- Stored entries -

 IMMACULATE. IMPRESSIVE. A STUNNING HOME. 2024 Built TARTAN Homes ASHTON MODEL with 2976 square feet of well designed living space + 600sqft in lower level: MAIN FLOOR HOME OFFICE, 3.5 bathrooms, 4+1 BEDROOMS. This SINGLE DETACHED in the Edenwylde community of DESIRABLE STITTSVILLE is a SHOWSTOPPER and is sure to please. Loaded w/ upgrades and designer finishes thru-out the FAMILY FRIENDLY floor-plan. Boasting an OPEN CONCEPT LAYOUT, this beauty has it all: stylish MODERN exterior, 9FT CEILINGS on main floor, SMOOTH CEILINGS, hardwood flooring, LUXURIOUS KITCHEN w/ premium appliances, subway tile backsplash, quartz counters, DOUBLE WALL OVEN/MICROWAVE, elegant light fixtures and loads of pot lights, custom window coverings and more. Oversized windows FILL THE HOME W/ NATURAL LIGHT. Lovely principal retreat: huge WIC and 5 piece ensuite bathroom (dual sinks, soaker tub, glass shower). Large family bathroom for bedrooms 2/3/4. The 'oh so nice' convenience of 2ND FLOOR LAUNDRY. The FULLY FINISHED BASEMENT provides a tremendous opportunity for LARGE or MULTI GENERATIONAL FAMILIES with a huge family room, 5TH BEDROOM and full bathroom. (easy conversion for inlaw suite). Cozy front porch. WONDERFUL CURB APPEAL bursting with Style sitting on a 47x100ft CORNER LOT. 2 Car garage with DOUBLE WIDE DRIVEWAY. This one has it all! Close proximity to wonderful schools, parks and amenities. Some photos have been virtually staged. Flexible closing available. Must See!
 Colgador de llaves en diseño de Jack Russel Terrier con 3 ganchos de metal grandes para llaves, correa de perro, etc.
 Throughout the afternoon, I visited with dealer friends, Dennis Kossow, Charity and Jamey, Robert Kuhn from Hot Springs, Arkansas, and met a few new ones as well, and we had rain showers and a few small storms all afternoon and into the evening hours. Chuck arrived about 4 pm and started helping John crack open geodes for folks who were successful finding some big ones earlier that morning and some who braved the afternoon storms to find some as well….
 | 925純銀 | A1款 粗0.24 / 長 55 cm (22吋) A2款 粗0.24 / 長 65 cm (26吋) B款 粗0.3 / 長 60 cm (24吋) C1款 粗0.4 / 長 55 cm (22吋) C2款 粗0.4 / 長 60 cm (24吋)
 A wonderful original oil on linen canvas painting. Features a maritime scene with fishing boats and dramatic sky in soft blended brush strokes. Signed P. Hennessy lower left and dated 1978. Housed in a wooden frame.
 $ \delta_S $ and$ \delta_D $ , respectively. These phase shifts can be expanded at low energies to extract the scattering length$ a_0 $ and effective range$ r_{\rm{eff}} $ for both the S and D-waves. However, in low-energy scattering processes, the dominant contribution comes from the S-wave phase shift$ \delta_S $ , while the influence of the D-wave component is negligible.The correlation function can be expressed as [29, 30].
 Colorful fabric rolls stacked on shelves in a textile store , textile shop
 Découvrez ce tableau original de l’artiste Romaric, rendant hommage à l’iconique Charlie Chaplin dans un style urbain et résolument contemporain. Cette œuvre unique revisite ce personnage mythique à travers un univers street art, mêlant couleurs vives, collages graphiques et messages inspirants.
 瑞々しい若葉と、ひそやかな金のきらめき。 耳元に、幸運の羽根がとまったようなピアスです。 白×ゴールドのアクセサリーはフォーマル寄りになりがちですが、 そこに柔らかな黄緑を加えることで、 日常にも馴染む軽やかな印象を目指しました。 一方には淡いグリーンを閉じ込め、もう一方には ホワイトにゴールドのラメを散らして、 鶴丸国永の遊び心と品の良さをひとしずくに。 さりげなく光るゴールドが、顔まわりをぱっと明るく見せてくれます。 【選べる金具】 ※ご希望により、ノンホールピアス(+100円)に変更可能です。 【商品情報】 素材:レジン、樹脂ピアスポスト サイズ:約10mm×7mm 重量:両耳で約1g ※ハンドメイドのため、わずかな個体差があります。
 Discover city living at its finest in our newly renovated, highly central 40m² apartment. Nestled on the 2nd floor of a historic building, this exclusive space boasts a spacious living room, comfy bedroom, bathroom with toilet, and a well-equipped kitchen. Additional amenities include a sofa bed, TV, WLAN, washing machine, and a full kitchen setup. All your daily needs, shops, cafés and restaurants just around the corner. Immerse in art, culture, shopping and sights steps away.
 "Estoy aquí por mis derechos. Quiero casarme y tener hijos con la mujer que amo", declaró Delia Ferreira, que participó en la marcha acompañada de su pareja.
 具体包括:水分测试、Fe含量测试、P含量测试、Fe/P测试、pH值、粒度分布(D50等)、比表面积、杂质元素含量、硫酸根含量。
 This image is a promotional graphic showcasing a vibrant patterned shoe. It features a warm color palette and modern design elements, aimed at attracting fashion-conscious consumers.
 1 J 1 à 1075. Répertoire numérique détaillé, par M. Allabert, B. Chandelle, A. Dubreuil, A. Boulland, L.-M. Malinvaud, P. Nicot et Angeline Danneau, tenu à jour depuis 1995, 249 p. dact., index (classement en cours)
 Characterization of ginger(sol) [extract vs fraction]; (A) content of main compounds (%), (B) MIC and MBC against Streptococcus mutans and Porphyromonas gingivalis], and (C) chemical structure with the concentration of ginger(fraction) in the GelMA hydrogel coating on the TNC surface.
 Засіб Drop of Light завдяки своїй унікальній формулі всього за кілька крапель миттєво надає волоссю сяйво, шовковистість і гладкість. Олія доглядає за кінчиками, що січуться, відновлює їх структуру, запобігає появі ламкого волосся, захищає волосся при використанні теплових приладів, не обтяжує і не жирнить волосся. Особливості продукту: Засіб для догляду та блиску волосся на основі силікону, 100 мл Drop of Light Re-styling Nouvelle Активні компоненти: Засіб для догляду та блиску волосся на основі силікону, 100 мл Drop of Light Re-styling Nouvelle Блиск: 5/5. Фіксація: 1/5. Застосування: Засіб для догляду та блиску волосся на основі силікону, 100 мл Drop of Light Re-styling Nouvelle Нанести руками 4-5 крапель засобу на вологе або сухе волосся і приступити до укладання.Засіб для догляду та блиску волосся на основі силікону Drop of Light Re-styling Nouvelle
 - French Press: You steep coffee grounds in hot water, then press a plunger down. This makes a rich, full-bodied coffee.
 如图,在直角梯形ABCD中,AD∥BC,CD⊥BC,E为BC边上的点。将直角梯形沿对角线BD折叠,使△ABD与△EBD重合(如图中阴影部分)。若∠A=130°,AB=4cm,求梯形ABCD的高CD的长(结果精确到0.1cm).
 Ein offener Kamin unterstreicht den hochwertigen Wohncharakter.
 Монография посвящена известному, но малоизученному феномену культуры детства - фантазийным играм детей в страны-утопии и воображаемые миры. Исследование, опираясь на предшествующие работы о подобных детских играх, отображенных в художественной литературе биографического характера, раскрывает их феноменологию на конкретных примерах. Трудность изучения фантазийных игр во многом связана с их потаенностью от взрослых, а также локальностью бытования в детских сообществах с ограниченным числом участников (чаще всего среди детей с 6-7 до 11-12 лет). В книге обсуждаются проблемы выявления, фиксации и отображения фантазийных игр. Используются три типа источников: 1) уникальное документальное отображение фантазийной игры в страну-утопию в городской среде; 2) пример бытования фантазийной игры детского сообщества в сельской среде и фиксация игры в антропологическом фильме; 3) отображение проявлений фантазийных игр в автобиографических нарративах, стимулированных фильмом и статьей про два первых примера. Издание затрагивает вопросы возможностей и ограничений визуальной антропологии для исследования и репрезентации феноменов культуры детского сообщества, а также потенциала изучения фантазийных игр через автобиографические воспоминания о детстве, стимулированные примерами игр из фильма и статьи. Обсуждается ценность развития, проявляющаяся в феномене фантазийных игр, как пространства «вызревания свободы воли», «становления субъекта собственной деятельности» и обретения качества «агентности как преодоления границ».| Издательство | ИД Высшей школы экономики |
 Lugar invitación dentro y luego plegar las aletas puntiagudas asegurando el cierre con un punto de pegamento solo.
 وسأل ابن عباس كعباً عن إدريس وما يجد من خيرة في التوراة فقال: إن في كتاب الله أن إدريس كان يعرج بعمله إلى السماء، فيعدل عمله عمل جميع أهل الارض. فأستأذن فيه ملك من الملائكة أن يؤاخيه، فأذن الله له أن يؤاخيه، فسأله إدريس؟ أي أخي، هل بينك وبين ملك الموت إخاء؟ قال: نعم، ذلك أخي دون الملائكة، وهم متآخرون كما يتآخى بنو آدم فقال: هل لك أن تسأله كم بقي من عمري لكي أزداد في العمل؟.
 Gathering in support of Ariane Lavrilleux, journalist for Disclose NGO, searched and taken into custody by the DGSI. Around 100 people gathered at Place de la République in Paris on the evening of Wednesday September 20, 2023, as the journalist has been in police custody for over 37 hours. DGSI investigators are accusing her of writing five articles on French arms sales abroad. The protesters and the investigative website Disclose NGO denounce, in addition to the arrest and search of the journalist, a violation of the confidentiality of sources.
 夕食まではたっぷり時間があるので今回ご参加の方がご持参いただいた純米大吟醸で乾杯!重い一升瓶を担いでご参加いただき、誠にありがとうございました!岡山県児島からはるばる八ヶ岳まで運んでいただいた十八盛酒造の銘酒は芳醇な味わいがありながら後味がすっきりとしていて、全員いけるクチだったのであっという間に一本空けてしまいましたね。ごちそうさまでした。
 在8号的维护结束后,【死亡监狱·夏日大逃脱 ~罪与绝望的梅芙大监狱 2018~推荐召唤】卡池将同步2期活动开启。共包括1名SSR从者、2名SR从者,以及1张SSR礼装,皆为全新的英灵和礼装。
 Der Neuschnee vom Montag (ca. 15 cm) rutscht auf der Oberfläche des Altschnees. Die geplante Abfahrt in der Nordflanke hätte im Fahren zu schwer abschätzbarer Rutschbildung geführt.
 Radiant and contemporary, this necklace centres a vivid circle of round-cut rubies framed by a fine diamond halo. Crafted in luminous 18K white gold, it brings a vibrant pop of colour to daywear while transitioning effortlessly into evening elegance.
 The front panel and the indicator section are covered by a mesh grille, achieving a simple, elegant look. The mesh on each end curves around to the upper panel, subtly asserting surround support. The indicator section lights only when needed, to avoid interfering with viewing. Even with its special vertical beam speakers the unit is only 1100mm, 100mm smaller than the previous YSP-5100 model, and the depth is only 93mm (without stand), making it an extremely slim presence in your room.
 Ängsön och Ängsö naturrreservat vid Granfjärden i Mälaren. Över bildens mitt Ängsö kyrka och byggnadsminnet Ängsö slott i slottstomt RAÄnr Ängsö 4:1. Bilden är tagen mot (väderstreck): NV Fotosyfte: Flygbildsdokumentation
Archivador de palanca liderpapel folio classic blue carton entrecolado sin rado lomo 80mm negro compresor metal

- What you will do -
Give back exactly the lines above, from the line containing "وسأل ابن عباس" through the line containing "Radiant and contemporary, this", with both end lines and nothing more.

- Written answer -
 وسأل ابن عباس كعباً عن إدريس وما يجد من خيرة في التوراة فقال: إن في كتاب الله أن إدريس كان يعرج بعمله إلى السماء، فيعدل عمله عمل جميع أهل الارض. فأستأذن فيه ملك من الملائكة أن يؤاخيه، فأذن الله له أن يؤاخيه، فسأله إدريس؟ أي أخي، هل بينك وبين ملك الموت إخاء؟ قال: نعم، ذلك أخي دون الملائكة، وهم متآخرون كما يتآخى بنو آدم فقال: هل لك أن تسأله كم بقي من عمري لكي أزداد في العمل؟.
 Gathering in support of Ariane Lavrilleux, journalist for Disclose NGO, searched and taken into custody by the DGSI. Around 100 people gathered at Place de la République in Paris on the evening of Wednesday September 20, 2023, as the journalist has been in police custody for over 37 hours. DGSI investigators are accusing her of writing five articles on French arms sales abroad. The protesters and the investigative website Disclose NGO denounce, in addition to the arrest and search of the journalist, a violation of the confidentiality of sources.
 夕食まではたっぷり時間があるので今回ご参加の方がご持参いただいた純米大吟醸で乾杯!重い一升瓶を担いでご参加いただき、誠にありがとうございました!岡山県児島からはるばる八ヶ岳まで運んでいただいた十八盛酒造の銘酒は芳醇な味わいがありながら後味がすっきりとしていて、全員いけるクチだったのであっという間に一本空けてしまいましたね。ごちそうさまでした。
 在8号的维护结束后,【死亡监狱·夏日大逃脱 ~罪与绝望的梅芙大监狱 2018~推荐召唤】卡池将同步2期活动开启。共包括1名SSR从者、2名SR从者,以及1张SSR礼装,皆为全新的英灵和礼装。
 Der Neuschnee vom Montag (ca. 15 cm) rutscht auf der Oberfläche des Altschnees. Die geplante Abfahrt in der Nordflanke hätte im Fahren zu schwer abschätzbarer Rutschbildung geführt.
 Radiant and contemporary, this necklace centres a vivid circle of round-cut rubies framed by a fine diamond halo. Crafted in luminous 18K white gold, it brings a vibrant pop of colour to daywear while transitioning effortlessly into evening elegance.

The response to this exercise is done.